--- DATA TO PROCESS ---

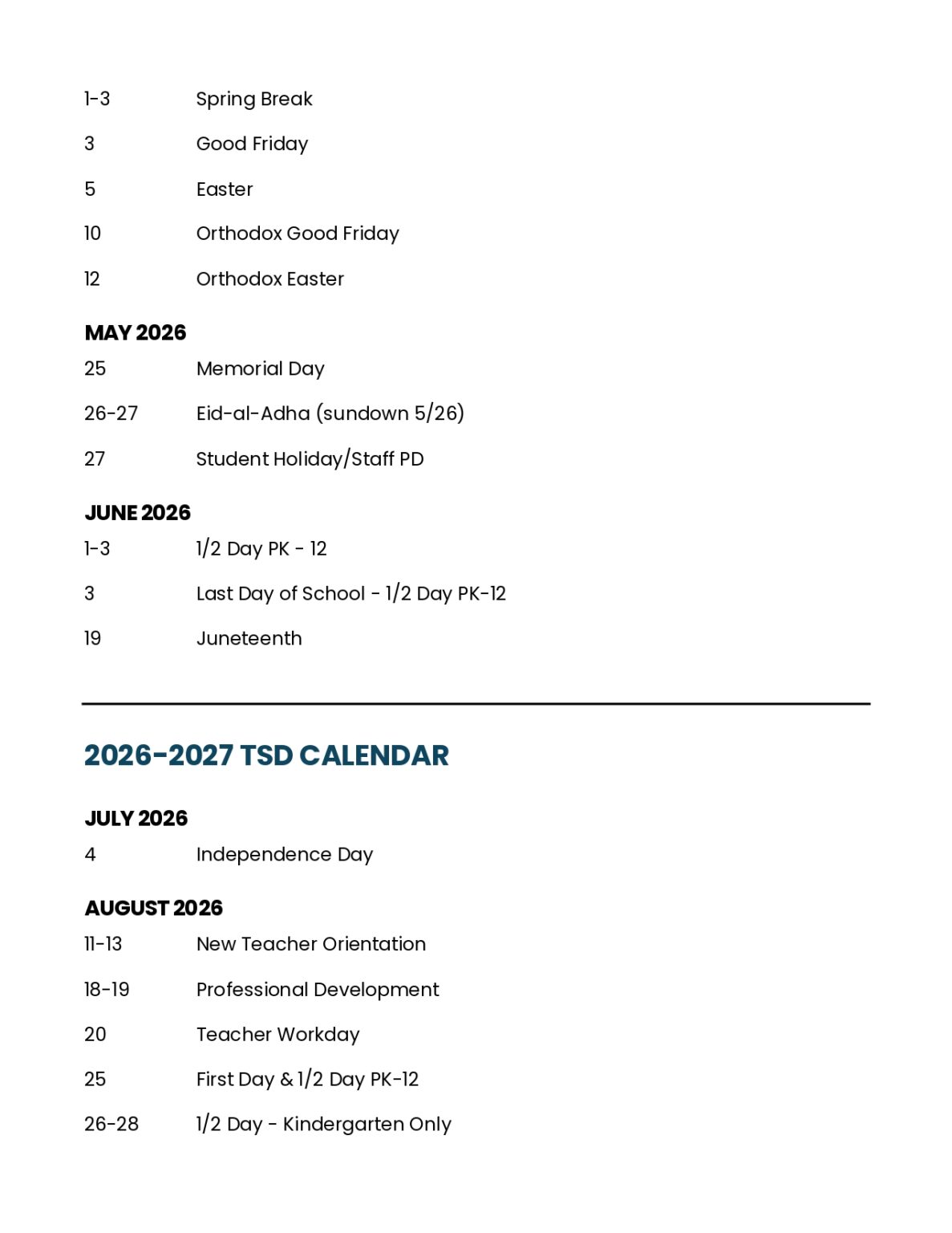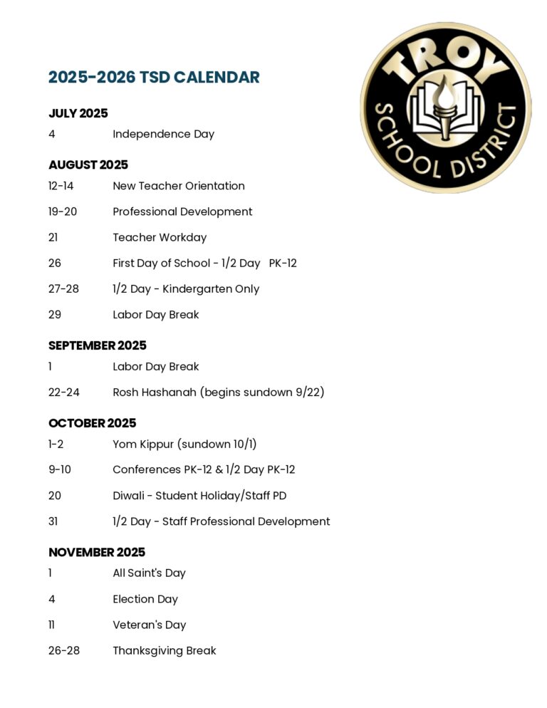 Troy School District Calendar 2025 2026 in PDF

---
--- DATA TO PROCESS ---

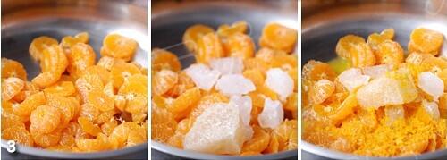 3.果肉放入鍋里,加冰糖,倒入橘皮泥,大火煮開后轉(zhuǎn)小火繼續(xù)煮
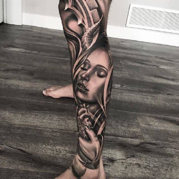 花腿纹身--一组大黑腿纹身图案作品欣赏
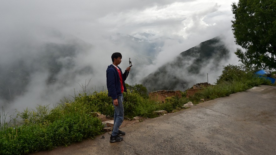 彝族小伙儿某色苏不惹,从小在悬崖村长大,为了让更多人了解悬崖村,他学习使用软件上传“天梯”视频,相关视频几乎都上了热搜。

---

▶ _EXERCISE_
Exact copy, pictures excluded: every line above from the one containing "花腿纹身--一组大黑腿纹身图案作品欣赏" to the one containing "彝族小伙儿某色苏不惹,从小在", inclusive, and nothing more.

▶ _ANSWER SPACE_
 花腿纹身--一组大黑腿纹身图案作品欣赏
 彝族小伙儿某色苏不惹,从小在悬崖村长大,为了让更多人了解悬崖村,他学习使用软件上传“天梯”视频,相关视频几乎都上了热搜。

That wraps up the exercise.